Direct from THE CLIBURN / Preliminary Rounds 24 May 2013

Preliminary Rounds
Day One Recital Three (7.30 pm)
Friday, 24 May 2013

The first of the Russians to perform is NIKITA MNDOYANTS (Russia) whom I previous heard in Leeds (1996) and was suitably impressed. Since then he appeared in a docu-movie called Competitors (or something to that effect), which traces the difficult paths traversed by Russian musical child prodigies as they emerge from blinding adulation into the “real world”. As it is, the real world represented by Beethoven’s final Sonata in C minor (Op.111) is a pretty grim one, which Mndoyants brought out with much gravity and soul searching. There is sufficient anger and angst in the first movement, opening with a declamatory and fist-shaking gesture, and the Theme and Variations of the Arietta unfolded quite magnificently, with the famous jazzy (Beethoven invented ragtime!) variation as the point of relief of pent-up emotions.

Having wound up his listeners, the similar declamatory opening to Chopin’s Polonaise-Fantasy (Op.61) unfortunately sounded curiously under-characterised. The discursive introduction seemed unnecessarily bogged down by details, and it was almost a relief when the polonaise section finally arrived. His encore was a well-chosen one, the little-known Scherzo from Prokofiev’s Ten Pieces (Op.12), a perpetuum mobile which display’s both Russians sense of wit and irony.

My view: Some mixed feelings here, which is why a second recital seems vitally necessary.      

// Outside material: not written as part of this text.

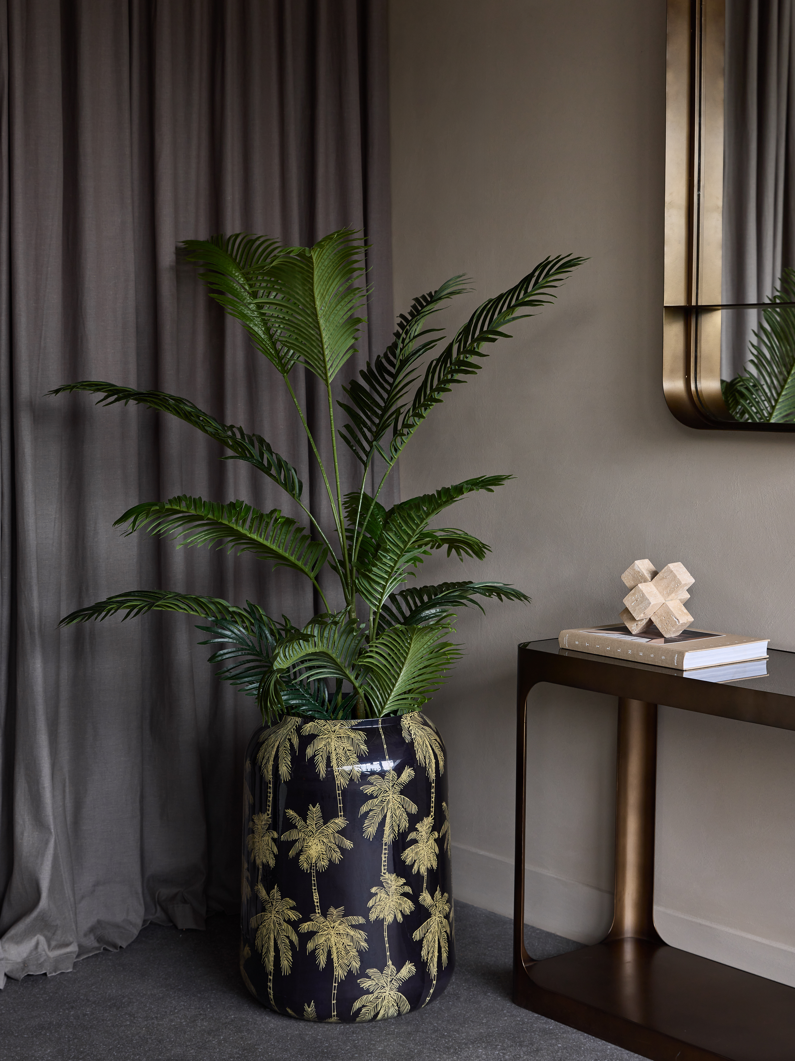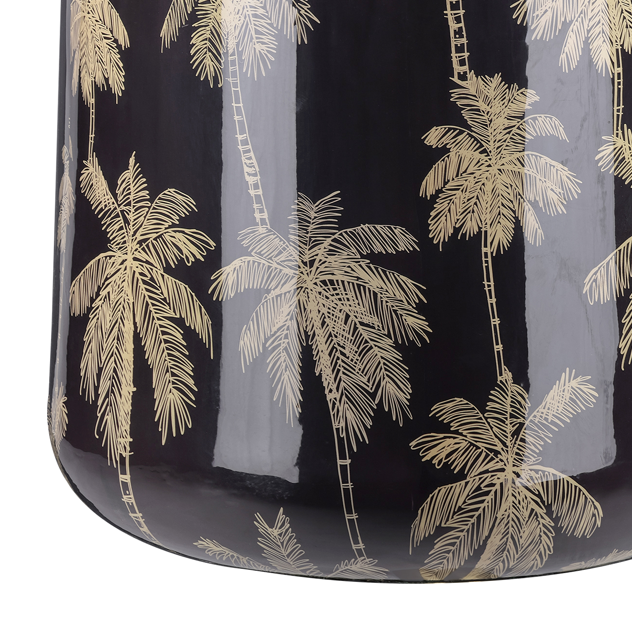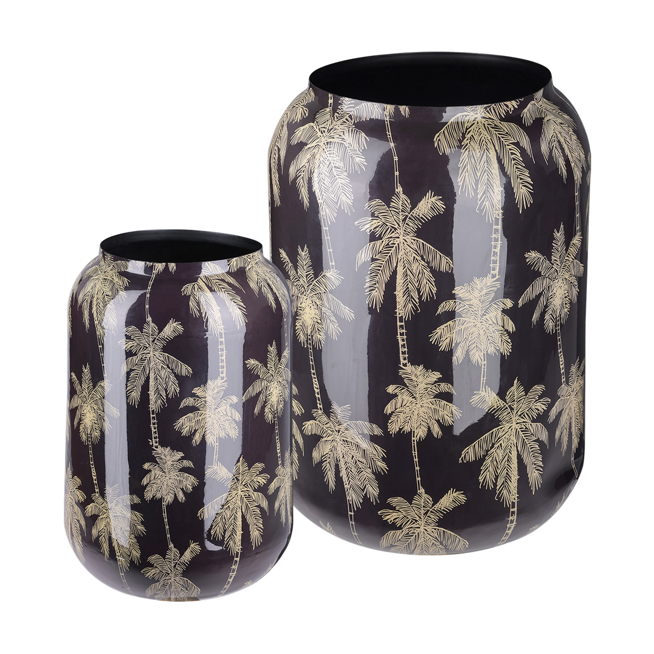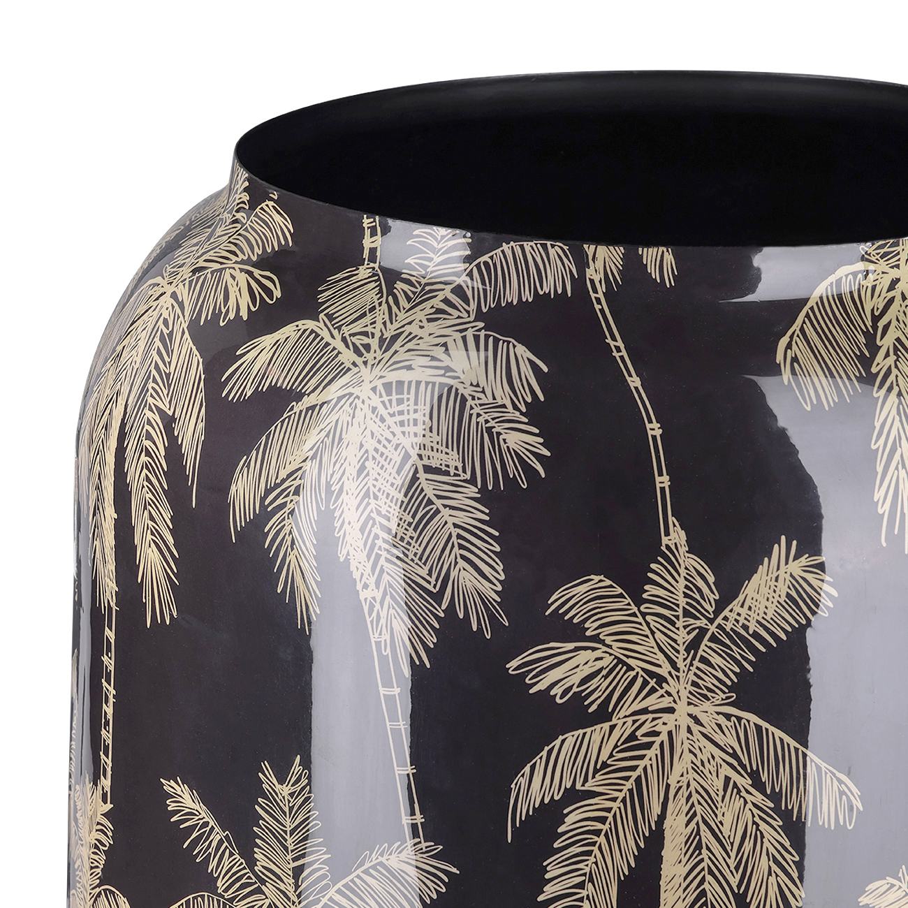 A striking decorative piece, the Palm Large Vase stands 62cm tall and features a sleek silhouette wrapped in a shimmering gold palm tree motif. The print is applied to an iron base and finished with an enamel coating for a smooth, polished look. Rich in detail and exclusive to Libra, it brings contemporary pattern and shine to any interior. A plastic liner is recommended to protect against water damage. Also available in a smaller size. Style as a pair or display individually for impact. Dimensions: W76.5 x D76.5 x H62 cm

Two more Italians close the day’s proceedings, and they could not have been more different. LUCA BURATTO (Italy) is as scruffy as they come. Sporting an afro, pork-chop sideburns, spectacles, shirt-sleeves and trousers with an off-centre belt buckle, he sits slightly higher than Glenn Gould off the ground. His odd mannerisms including flailing arms and facial grimaces (caught dramatically on camera) are off-putting but one needs to look beyond the “mad scientist” externals to catch the true artistry which he possesses in spades. His Haydn Sonata in C major (Hob.XVI: 50) is full of sunshine and humour, and his pedalling of those dreamy passages is exemplary. The stuttering “wrong note” finale also comes through well, but his main act is in Schumann’s mighty Fantasy in C major (Op.17).

Full-blooded romanticism flowed through his veins for the sweeping opening movement, while the central march built from strength to strength before culminating into those octave leaps which he negotiated without so much as raising a sweat. When you start worrying for a performer’s sanity, it means you are entering into his world and beginning to care. That is how he draws you in for the slow closing movement, where judging by the video close-ups, he is pouring out his life’s miseries and tribulations like some Roman Catholic confessional. Here is a gripping artist grappling with life, and looking on with voyeuristic curiosity, one is held captive.  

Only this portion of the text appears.